- Other names: Hepatic cholelithiasis, gallstones of the hepatic duct
- Specialty: Hepatology

= Hepatolithiasis =

Hepatolithiasis is the presence of gallstones in the biliary ducts of the liver. Treatment is usually surgical. It is rare in Western countries, but prevalent in East Asia.

The gallstones are normally found proximal to the left and right hepatic ducts. The causes of the disease are poorly understood, but it is suspected that genetics, diets and environmental causes may contribute. It is more common in those of low socioeconomic status who suffer from malnutrition. Typically it strikes between 50 and 70 years old, with neither men nor women more likely to acquire it.

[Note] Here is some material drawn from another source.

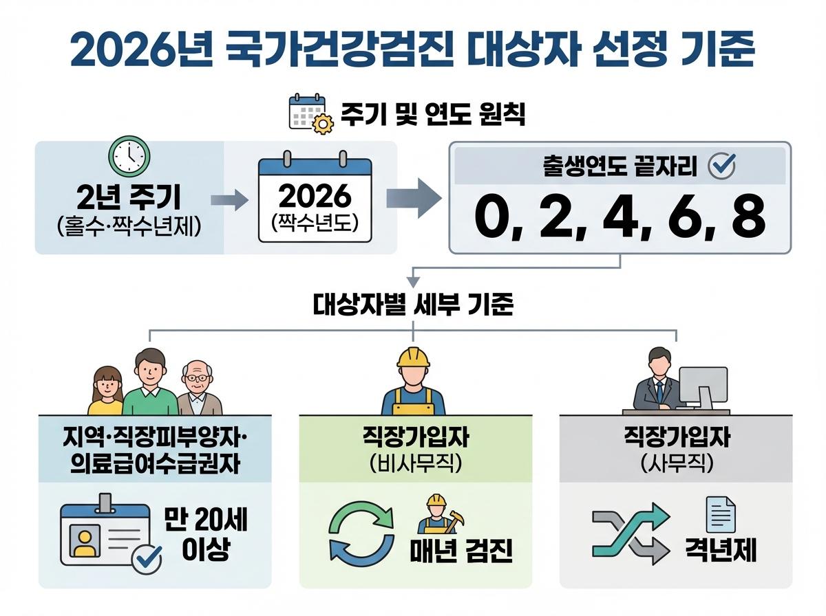 - 국가건강검진은 2년 주기의 홀수·짝수년제로 운영되며, 2026년은 짝수년도에 해당합니다.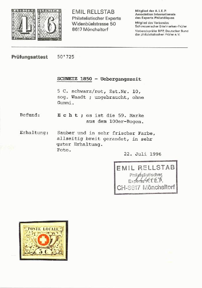 | Prüfer: | Rellstab, Emil (AIEP (Association internationale des experts en philatélie)) |

The prevalence in east Asia ranges is as high as 30-50%, while in the west it is rare. However, immigration has increased its prevalence in the West. Countries that have seen more economic development have also seen a reduction in the rates of the disease.

Some patients have these gallstones with no symptoms and the disease is only detected through abdominal imaging. For those with symptoms, common ones are abdominal pain, jaundice and fever. The gallstones can cause more serious conditions like fibrinolysis disorder or gallstone pancreatitis.

==Signs and symptoms==
Abdominal pain, fever, and jaundice are common initial symptoms; however, cholangiocarcinoma is a chronic harmful outcome of the illness.

Summary table

| SYMPTOM / SIGN | TYPICAL FEATURES |
|---|---|
| RUQ pain | Recurrent, colicky, post-prandial |
| Cholangitis | Fever + chills + RUQ tenderness |
| Jaundice | Fluctuating, dark urine, pale stools |
| Pruritus | Intense, bile-salt related |
| Hepatomegaly | Firm, nodular liver edge |
| Systemic | Night sweats, fatigue, weight loss |
| Alarm signs | High fever, hypotension, GI bleeding |

==Causes==
Hepatic atrophy, liver cirrhosis, biliary stricture, hepatic abscess, history of recurrent cholangitis, and a poor prognosis for intrahepatic cholangiocarcinoma are among the conditions that can cause hepatolithiasis.

==Diagnosis==
Accurately identifying stones, biliary strictures, and affected liver segments is crucial for the diagnosis of hepatolithiasis, as is ruling out concurrent cholangiocarcinoma. Hepatolithiasis is primarily diagnosed by abdominal ultrasonography (USG) and computed tomography (CT) scans.

==Treatment==
Treatment for hepatolithiasis is multidisciplinary and involves removing stones and bile stasis. Although the optimal course of treatment for intrahepatic stones is still unknown, there are several noninvasive and surgical options. However, the principal objective ought to be the complete elimination of stones and the eradication of biliary stasis and infection. Hepatolithiasis non-surgical treatment options include percutaneous transhepatic cholangioscopy lithotripsy, as well as hepatectomy as part of surgical management.